### DATA RECORDS
________________________________________
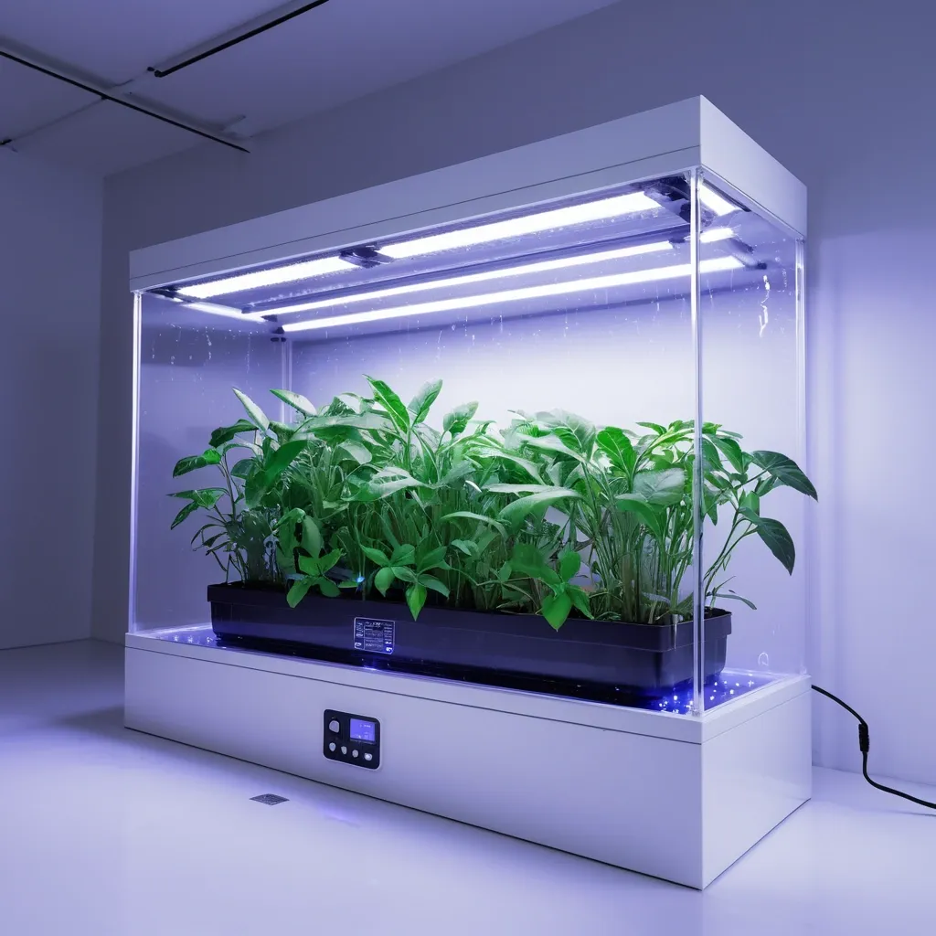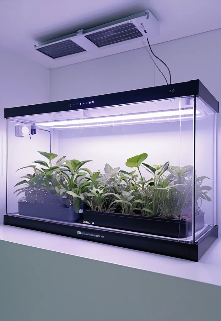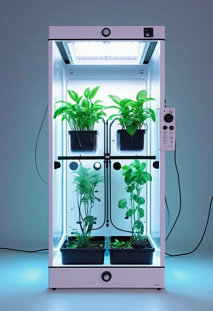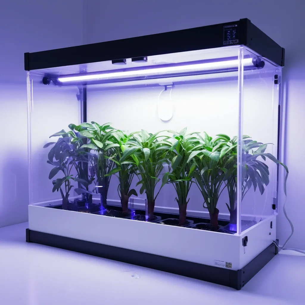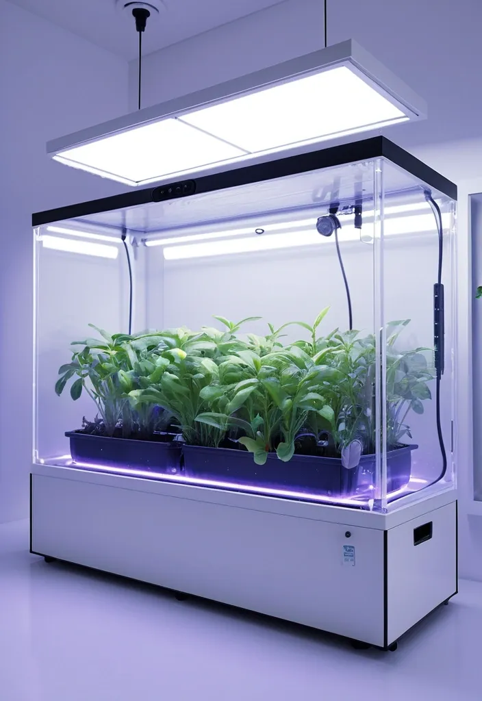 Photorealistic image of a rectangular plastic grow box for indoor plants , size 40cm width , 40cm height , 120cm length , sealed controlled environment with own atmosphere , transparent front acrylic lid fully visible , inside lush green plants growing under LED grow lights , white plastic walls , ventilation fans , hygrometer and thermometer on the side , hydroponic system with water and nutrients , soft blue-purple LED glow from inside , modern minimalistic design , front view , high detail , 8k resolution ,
________________________________________
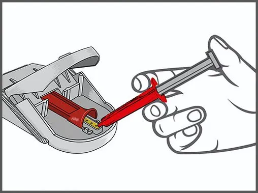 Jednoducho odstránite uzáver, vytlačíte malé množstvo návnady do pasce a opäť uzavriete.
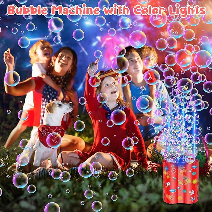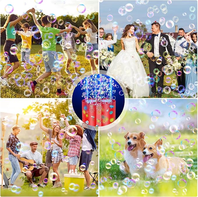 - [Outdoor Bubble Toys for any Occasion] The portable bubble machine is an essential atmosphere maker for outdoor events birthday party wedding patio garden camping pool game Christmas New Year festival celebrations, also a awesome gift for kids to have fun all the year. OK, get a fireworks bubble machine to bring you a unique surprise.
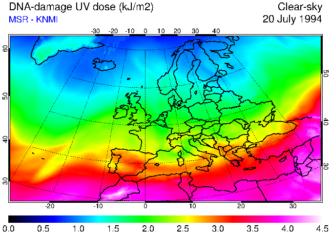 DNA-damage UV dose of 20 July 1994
________________________________________
### THE PROBLEM
Each line above that falls between the line with "- [Outdoor Bubble" and the line with "DNA-damage UV dose of 20 July 1994" should be printed exactly, together with those two lines, but the pictures should not.

### SOLUTION FOR THIS EXERCISE
 - [Outdoor Bubble Toys for any Occasion] The portable bubble machine is an essential atmosphere maker for outdoor events birthday party wedding patio garden camping pool game Christmas New Year festival celebrations, also a awesome gift for kids to have fun all the year. OK, get a fireworks bubble machine to bring you a unique surprise.
 DNA-damage UV dose of 20 July 1994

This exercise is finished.